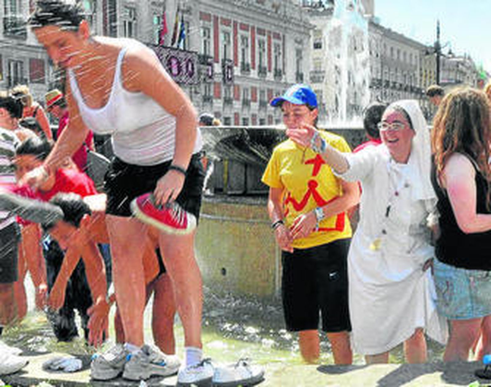 El grupo cada vez se va haciendo más numeroso. Son ya las 18:00 y deciden esperar el paso del papamóvil a escasos metros de la Nunciatura. "Estamos un poco cansados, pero muy bien. Ya hemos ido a dos catequesis y mañana toca la misa del arzobispo Asenjo para toda la Diócesis", comenta Virginia Salado, una de las jóvenes sevillanas. La eucaristía será en la iglesia del Santísimo Sacramento, la más grande del centro de Madrid con capacidad para 1.000 fieles, aunque se quedará muy pequeña ante los 4.000 ó 5.000 jóvenes que se estima que van a acudir.
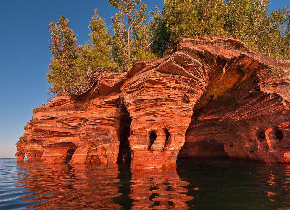 In Lake Superior, at the tip of Wisconsin are 21 islands and 12 miles of beaches and cliffs. Just a short drive from Duluth, Minnesota or even Minneapolis. In the winter, visitors can find the ice caves to wander through.
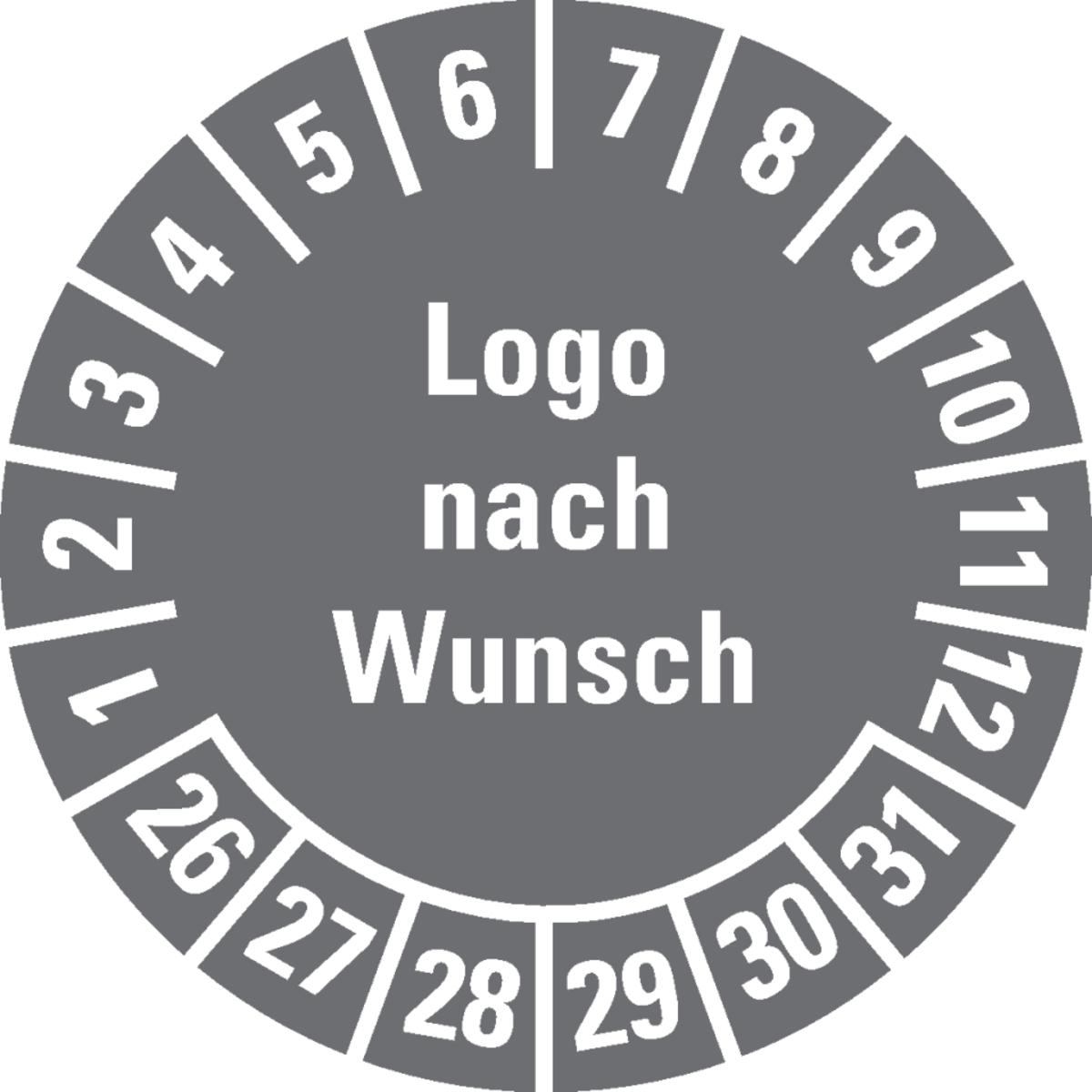 Mehrjahresprüfplakette nach Wunsch, mit Logo und Monatsring

Exercise prompt >> Transcribe word for word only the lines from the one with "In Lake Superior, at" through the end of the listing; every picture is to be omitted.

Expected answer >>
 In Lake Superior, at the tip of Wisconsin are 21 islands and 12 miles of beaches and cliffs. Just a short drive from Duluth, Minnesota or even Minneapolis. In the winter, visitors can find the ice caves to wander through.
 Mehrjahresprüfplakette nach Wunsch, mit Logo und Monatsring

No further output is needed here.